При всем своем громадном авторитете ребе предпочитал действовать с помощью предположений. Его идиш был начисто лишен приказных слов.

— Оставайся с нами, — напирал Шпильман, — будешь стоять на одной ноге, а мы будем учить тебя всей-всей Торе, так мудрец Гилель всегда поступал со скептиками. Ты узнаешь пути твоих отцов…

— Мой отец не был фрум, — возразил Довидл.

— Зато, прости, твой дедушка был, и его предки тоже. Разве не передавали они легенды и вымыслы от отца к сыну, поколение за поколением? Твой отец, мир его праху, отступил от этой традиции, как отступили многие евреи в городах и в двадцатом веке. Они уклонились от праведного пути. Из тех, кто выжил после Гитлера, многие снова обратились к Торе. Это единственная наша истина. Давай, поучись немного, а потом иди. Что тебе терять?

«Ничего, — подумал Довидл. — Ничего особенного, разве что всемирную славу да столько денег, что хватило бы на шесть жизней».

— Почти ничего, — ответил он Шпильману.

— Вероятно, будет лучше, если он пересидит здесь еще неделю, — сказал ребе, — тогда у него отрастет густая черная борода, и ни один полицейский, ни один соглядатай на улице его не узнают.

«Еще через неделю, — подумал Довидл, — я и сам себя в зеркале не узнаю».

Ребе, как ему потом потихоньку признался Шпильман, беспокоился не столько о безопасности беглеца, сколько о благополучии некоторых хасидов, чьи паспорта и источники дохода не были, как он выразился, «строго кошерными». Многие приехали в Британию по поддельным документам. Они зарабатывали на жизнь переброской незадекларированных алмазов из крупнейших ограночных центров в центры торговые — в Антверпене, Йоханнесбурге, Тель-Авиве и Манхэттене, на 47-й улице. Пережившие войну, они довольствовались самым минимумом. От отчаяния могли словкачить или своровать, оправдываясь тем, что лишнего не берут и обходятся без насилия. Костей не ломают; крадут в рамках прожиточного минимума; работают ровно столько, чтобы обеспечить своим семьям кусок хлеба, одежду и крышу над головой.

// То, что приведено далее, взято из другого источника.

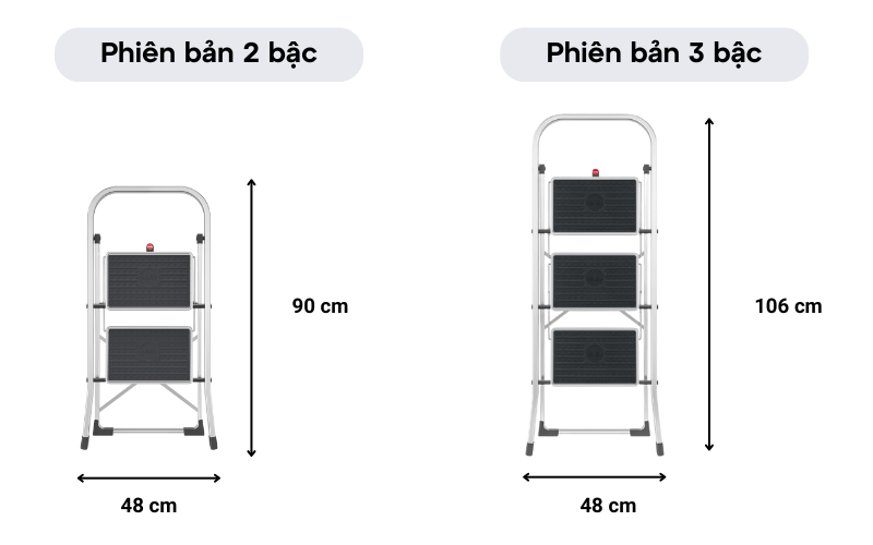 - Loại 2 bậc với chiều cao bậc cao nhất là 47 cm, phù hợp khi lấy đồ trên kệ bếp hoặc lau chùi tủ thấp.
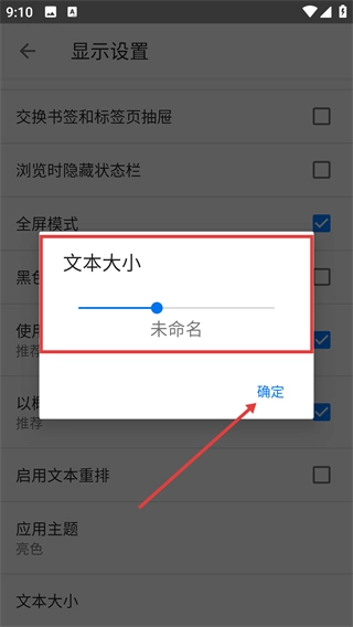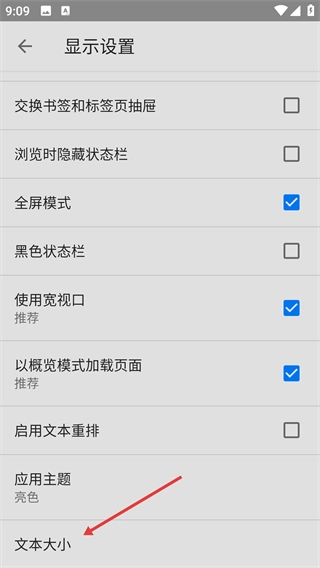 在显示设置页面找到并点击【文本大小】选项,随即会弹出用于调整文本大小的窗口。
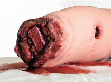 Les étudiants gagneront en confiance dans la prise en charge des saignements complexes à l’aide de garrots et acquerront des compétences en matière de pansage des plaies et de gestion des amputations. La jambe d'entraînement P103 est dotée de trois modèles de plaies différents : lacération profonde (environ 4 cm) dans la région de l'aine, blessure par balle de part en part (GSW) avec plaies d'entrée et de sortie dans la partie haute de la cuisse, amputation dans la région du genou.
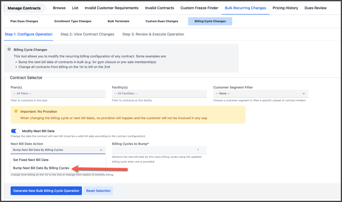 In Manage (Menu) > Contracts > Bulk Recurring Changes (Tab) > Billing Cycle Changes (Tab) > Next Bill Date Action
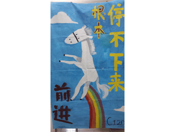 淡彩中国画、写意色彩画、卡通动漫人物……学子各展神通,水粉、马克笔、水彩笔、自喷漆等纷纷上阵,同学们尽抒自己对艺术的理解,大胆地在画布上放飞思维,展示个性魅力,创作了一幅幅风格各异的作品,用涂鸦的方式绘画心中的班级文化、梦想的校园。一幅幅绚丽的作品吸引了许多有着艺术爱好的游客,纷纷驻足观看,涂鸦现场气氛热烈。
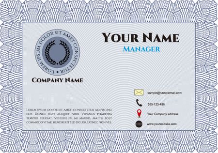 Bussines or presentation card, retro style. Complex design. Border, frame.With guilloche pattern and background.
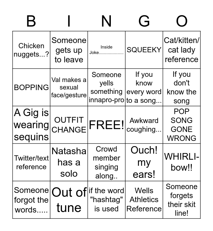 This bingo card has a free space and 24 words: Natasha has a solo, Out of tune, Someone yells something innapro-pro, Someone forgot the words....., Cat/kitten/ cat lady reference, Chicken nuggets...?, BOPPING, Someone gets up to leave, Awkward coughing..., Crowd member singing along.., If you know every word to a song..., A Gig is wearing sequins, Ouch! my ears!, WHIRLI-bow!!, Val makes a sexual face/gesture, Wells Athletics Reference, POP SONG GONE WRONG, Inside Joke...................., If you don't know the song, OUTFIT CHANGE, Someone forgets their skit line!, Twitter/text reference, SQUEEKY and if the word "hashtag" is used.
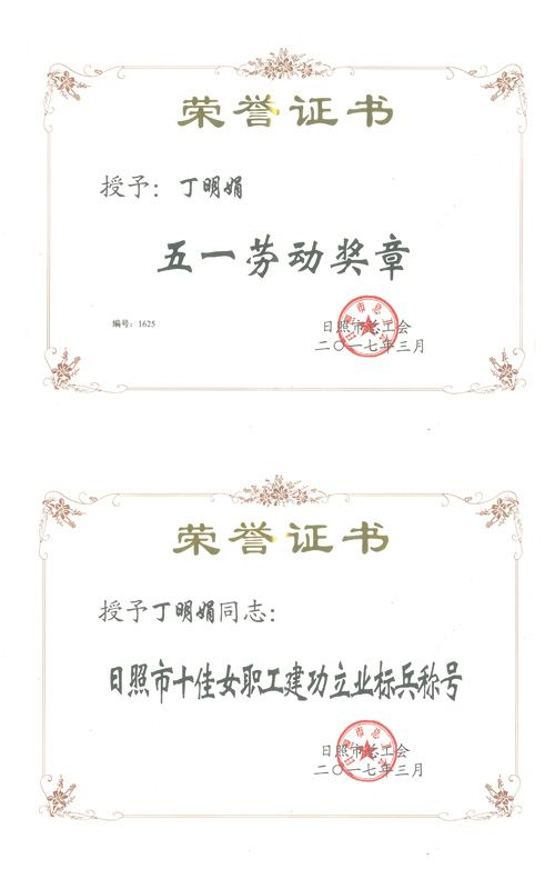 2017年3月,我公司財務總監丁明娟被日照市總工會授予“五一勞動獎章”、“日照市十佳女職工建功立業標兵”稱號
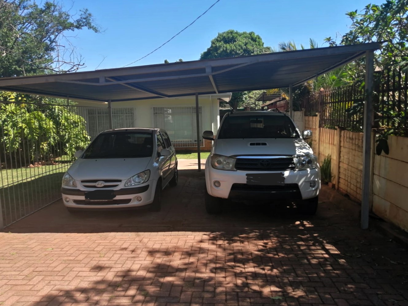 Motorized gate and a double carport.

Работа в жизни медзыньцев не была самоцелью. Эти традиционалисты жили от шабата до шабата: утром в пятницу спешили на рынок, затем на ритуальное омовение в микве и наконец шли домой, где облачались в золотую капоту и меховую шапку, штраймл. Всю неделю они во всем себя обделяли и ограничивали. А в пятницу вечером стол ломился от деликатесов, столовое серебро сияло в огоньках свечей, звучала Песнь Песней, глаза мерцали и супруги освежали свой брачный союз в эротическом согласии со святой субботой. Отряхнув гнет повседневности, они сливались во взаимной гармонии и всепоглощающем единении.

С момента пятничного заката и до появления трех звезд на вечернем субботнем небосклоне все бытовые хлопоты исключались. Медзыньцы не кипятили на кухне чайник, не щелкали выключателями, не распечатывали писем, не реагировали на телефонные и дверные звонки; выносить что-либо из дома, даже в кармане, запрещалось; ничто не должно было нарушать возвышенное течение шабата. А когда, уже вечером, в серебряную чашу — кидуш — наливалось сладкое красное вино, в знак прощания с возлюбленной субботой возносилась благодарственная молитва, мужчинам и женщинам предлагалась коробочка со специями — вдохнуть, взбодриться и вернуться к реальности.

В таком трансцедентальном трансе Довидл провел с медзыньцами месяц, постепенно перенимая их архаичный жизненный ритм. Ему это напоминало знакомство с средневековым манускриптом: вместо нот — абракадабра, инструменты грубы и терзают неподготовленное ухо — «словно Гваданьини на дудочку променял». Прежние представления о том, что есть прекрасное и что есть музыка, пришлось пересмотреть. Лишь очистившись от предубеждений, сумел он оценить прелесть иной системы ценностей.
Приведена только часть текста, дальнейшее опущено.